A Little History Lesson On Rumsfeld's Speech
Aug. 31, 2006 -- The clearly demented Donald Rumsfeld told the annual convention of the flatulent, double-knit clad, cigarette-smoking, and beer guzzling American Legion convention yesterday in Salt Lake City compared critics of Bush's disastrous invasion and occupation of Iraq to those in the 1930s who tried to appease Hitler. This is familiar neo-con claptrap from the talking points of the likes of Richard Perle, William Kristol, Dick Cheney, and the other Project for the New American Century cadres who come closest to the Nazi propagandists of the 1930s and 40s.
For Rumsfeld to associate the anti-war movement to Nazi appeasers is the ultimate in gall. After all, it was the New York and Chicago-based banker and industrialists who were the Hitler appeasers. And, ironically, they used the American Legion as their fascist storm troopers -- it was proposed that Gerald MacGuire, a former New York City bond and securities dealer with whom Brown Brothers Nazi financier Prescott Bush had more than a casual relationship, organize 500,000 American Legionnaires to march on Washington in the summer of 1933 and militarily overthrow President Franklin Delano Roosevelt.
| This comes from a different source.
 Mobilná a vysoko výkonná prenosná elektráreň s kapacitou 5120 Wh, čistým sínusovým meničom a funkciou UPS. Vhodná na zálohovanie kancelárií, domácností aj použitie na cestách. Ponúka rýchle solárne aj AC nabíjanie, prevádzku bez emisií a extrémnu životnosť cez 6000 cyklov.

The new Department of General Affairs (akin to the modern Homeland Security Department, only with greater powers) would end the New Deal initiatives and make common cause with Adolf Hitler's Germany and Benito Mussolini's Italy. The plot of the Wall Street bankers was revealed by retired Marine Corps General Smedley Butler who turned down an offer to lead the military coup.
The love affair between Wall Street and Nazi Germany continued long after the planned coup against FDR. On May 6, 1937, the Nazi German airship Hindenburg proudly flew over lower Manhattan (ironically, over the location of the future World Trade Center) displaying its swastika symbol for all the bankers and financiers to see. One of them was Prescott Bush, whose financial dealings with Nazi German banks and companies, was in full swing.